Hi Dinesh,
Michael is correct - you do not
have to do locking for FBNS in single user mode.
However I decided to do it. My convoluted logic is:
If my client does not call lock explicitly, then I will have to do it behind the scenes: whenever they call modify in my client connection factory object, the connection factory object will have to call the remote lock, modify, and unlock methods. So far so good.
But, according to our instructions, we have to expose the lock and unlock methods to the remote client. Therefore someone could be enhancing my code, and notice that my code does not call the lock method. (the locking is done in the connection factory object, the implementation of which is hidden from the client code). So the other programmer adds a call to lock in the client code.

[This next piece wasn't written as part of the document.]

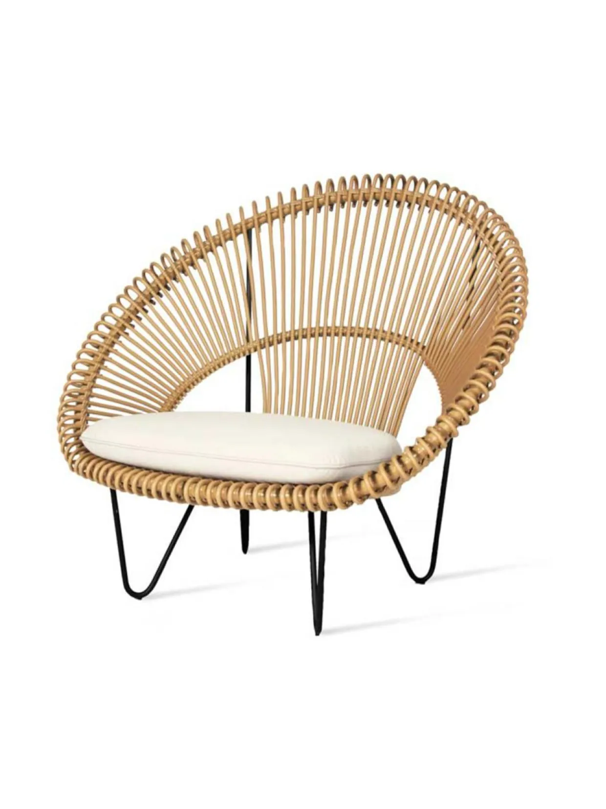 Ulkokäyttöön tehty upea muotoiltu nojatuoli Roy Cocoon kutsuu sinut käpertymään ja oleskelemaan terassille ja puutarhaan.

Now what happens? Does the connection factory have to handle the case where a record is allready locked? How does it know? If it tries to get the lock a second time, what happens? Should the server ignore the request since the client already owns the lock? I dont think so - a logic flaw in client code could result in one client doing two simultaneous updates which would be treated as one update in this case. Should the server attempt to get the lock again - in which case deadlock will occur. Should the server give a deadlock exception? This has gotten ugly real fast.
Also, I believe locking should be in the client code. Consider a potential future requiement where we need to be able to book two flights simultaneously. If we dont get both we dont want either. The example I like to give is from when I lived in Holland, but used to travel back to Australia every year. There was only one flight from Holland to London that I could catch in the morning (and it required me to be up at 4am
) in order for me to catch the
only morning flight from London to Sydney. If I could not book the Holland flight, then the London flight was no good. If I could not catch the London flight, then the Holland flight would get me into London 12 hours before the next Australia flight - also not wanted. The best way to handle this is to lock both flights, confirm availability on both flights, book both flights, unlock both flights. Otherwise you would need some way of backing bookings out.
OK - I admit that both examples are not in the requirements.
However I think the first example falls into the category of making the code simple enough for a junior programmer to understand. I would not want the junior programmer to break the code because they thought I had missed something.
And I think the second example falls into the category that the code must be extensible.